Calculating the velocity of the center of mass of a system

[kunparekh18]

Hello everyone. First post here. I'll go the question straightaway.

Homework Statement

A gun of mass "M" placed on a smooth horizontal surface fires a bullet of mass "m" with a velocity "u" at an angle "θ" with the horizontal (ground). The velocity of the center of mass of the gun+bullet system after firing is (in terms of M,m,u and θ)?

Homework Equations

I know the velocity of the center of mass is given by the equation

v = mv / m

The Attempt at a Solution

I expanded the above equation to V = (Mv1 + mv2)/(M+m), where v2 and v1 are the velocities of masses M and m after firing.

However, I do not know what values to substitute for v1 and v2. I substituted v2 to be ucosθ as it is along the horizontal, and then used the conservation of linear momentum principle to get v1=-mucosθ/M

substituting these values if the original formula, I got a wrong answer. The final answer is supposed to be

musinθ/(M+m)

What mistake have I done here? Thanks in advance for explaining.

 

[TSny]

Hello, kunparekh18. Welcome to PF!

Did you consider separately the x (horizontal) and y (vertical) components of the velocity of the center of mass?

Since there are no external forces in the x direction, you should be able to deduce the final x-component of the velocity of the CM without any calculation.

 

[kunparekh18]

Hello, kunparekh18. Welcome to PF!

Did you consider separately the x (horizontal) and y (vertical) components of the velocity of the center of mass?

Since there are no external forces in the x direction, you should be able to deduce the final x-component of the velocity of the CM without any calculation.

Thanks!

I did consider the x and y components of the velocity of the center of mass separately.

As you said, there is no external force acting along the x axis, so I can apply conservation of linear momentum there.

0 + 0 = Mv1 + mucosθ

==> v1 = -(mucosθ)/M

So with that and my initial equation, I get the x component of the velocity of the center of mass to be 0.

Now there is one external force acting along the y axis, mg (weight of the bullet) (normal force by surface on M and weight Mg cancel out as there is no acceleration of M along y axis). How do I conserve momentum there?
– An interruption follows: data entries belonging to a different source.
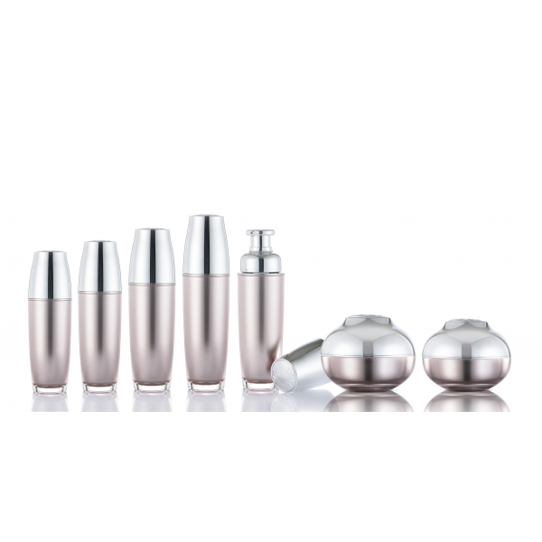 50ml Double wall jar with crystal clear acrylic outer base, white PP inner cup with spray color finish, anodized shiny silver cap, F-217 liner assemble.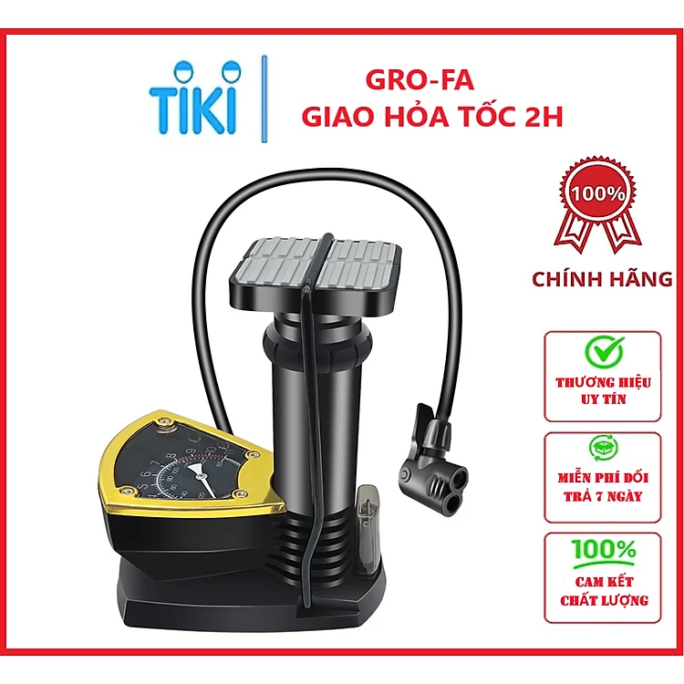 Bơm mini đạp chân - Bơm đa năng - Bơm được xe đạp, xe máy, các loại bóng, phao có đồng hồ đo áp suất - Tặng kim bơm các loại - Chính Hãng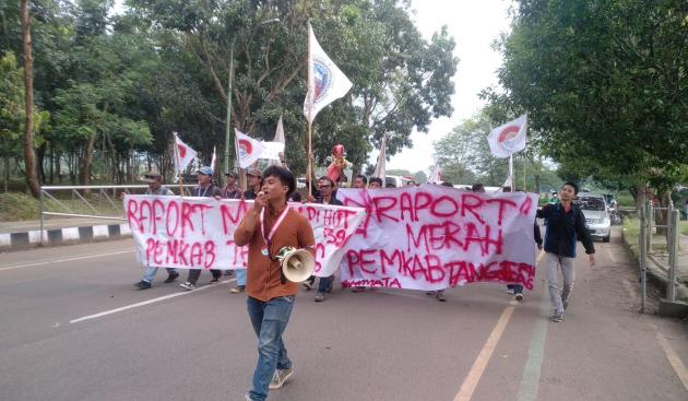 Dalam aksinya, sekitar 50 mahasiswa itu membeberkan rapor merah Pemerintah Kabupaten (Pemkab) Tangerang selama dua periode kepemimpinan Bupati Tangerang Ahmed Zaki Iskandar dan Wakil Bupati Tangerang Mad Romli.
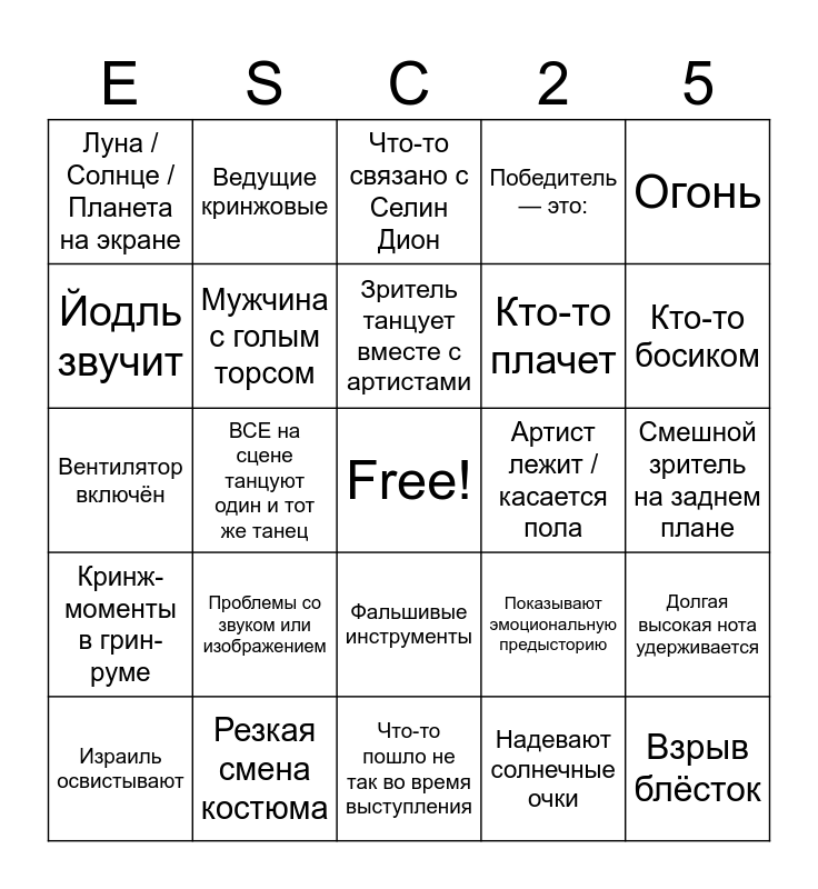 This bingo card has a free space and 24 words: Проблемы со звуком или изображением, Резкая смена костюма, Зритель танцует вместе с артистами, Израиль освистывают, Огонь, Луна / Солнце / Планета на экране, Йодль звучит, Ведущие кринжовые, Артист лежит / касается пола, Фальшивые инструменты, Кто-то плачет, Вентилятор включён, Показывают эмоциональную предысторию, Долгая высокая нота удерживается, Мужчина с голым торсом, Надевают солнечные очки, Смешной зритель на заднем плане, Что-то связано с Селин Дион, Кто-то босиком, ВСЕ на сцене танцуют один и тот же танец, Взрыв блёсток, Кринж-моменты в грин-руме, Победитель — это: and Что-то пошло не так во время выступления.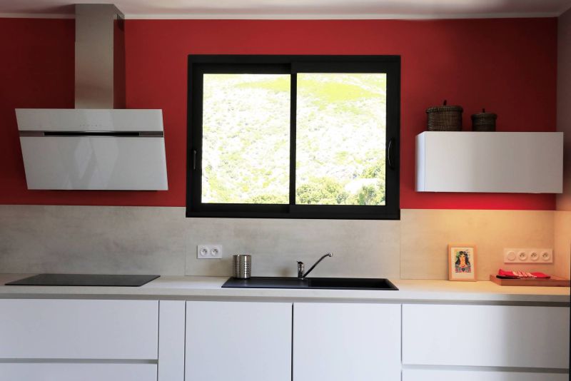 Maison contemporaine de 120 m² à Poggio d'Oletta, joli village pittoresque situé à 10 minutes de Saint Florent, son port et ses plages, avec un grand parking privé.
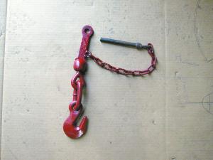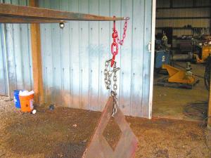 “To allow heavy loads to be rotated, carefully cut apart a chain binder, keeping the ball and socket-hook assembly. Weld one end of a short length of chain onto it and weld a 1/2 grade 5 or grade 8 bolt to the chain’s other end. Then run the top end of the assembly up through the hole in the fork and insert the bolt, which will allow the entire assembly to swivel.”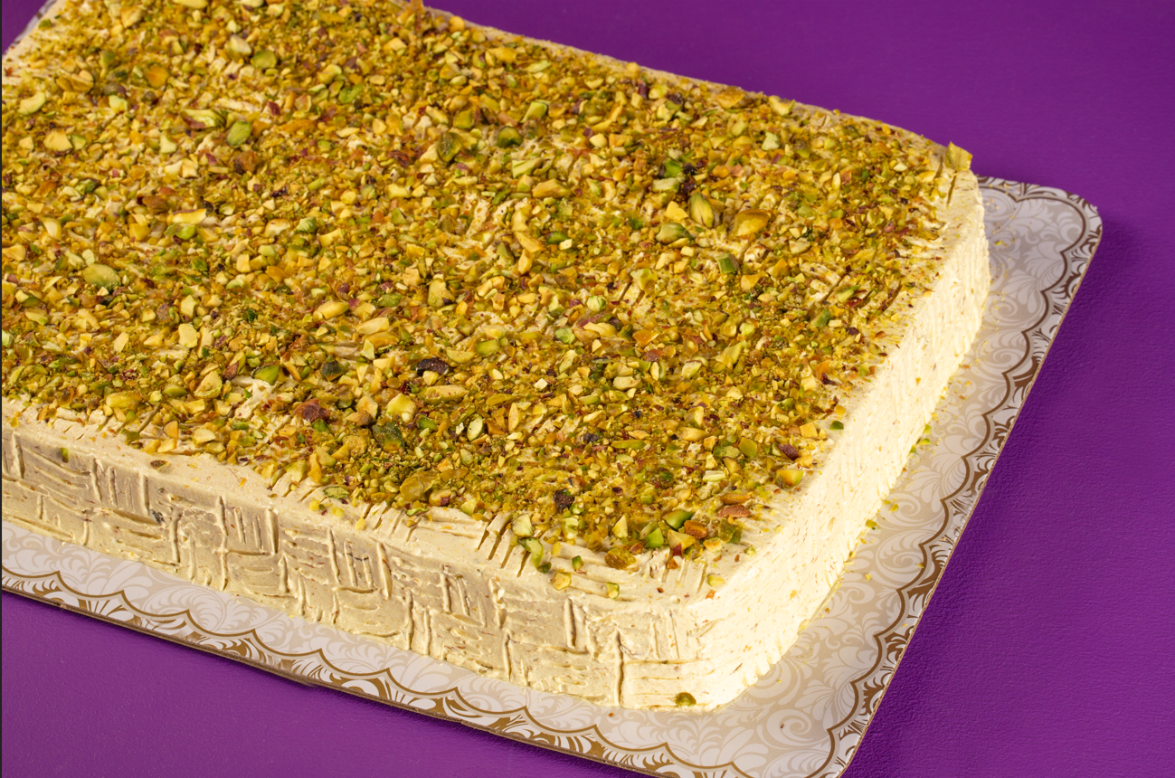 The cake that started it all—a light, no-sugar-added chiffon cake topped with a smooth, buttery frosting of fresh avocados and finished off with chopped pistachios.

By logic, I know that y component of velocity of M will be downwards in the -y direction, but since there is a surface there, there will be no displacement of the block in that direction. Hence, v1 along y-axis = 0. Using that and my first equation, I get the velocity of the center of mass to be

musinθ/M+m , which is perfectly correct. But how I do I derive that v1 along the y-axis is zero mathematically? I have got the answer, but I need a reasoning behind it (not for my homework, but for my own understanding. The question is multiple choice anyway :p )

 

[kunparekh18]

Bump?

 

[TSny]

I think your reasoning is fine.

The ground is a constraint that prevents the gun from moving in the negative y direction. So that's the reason you can set the final v_y for the gun equal to zero. I don't think there is a need to seek a mathematical reason.

 

[kunparekh18]

I think your reasoning is fine.

The ground is a constraint that prevents the gun from moving in the negative y direction. So that's the reason you can set the final v_y for the gun equal to zero. I don't think there is a need to seek a mathematical reason.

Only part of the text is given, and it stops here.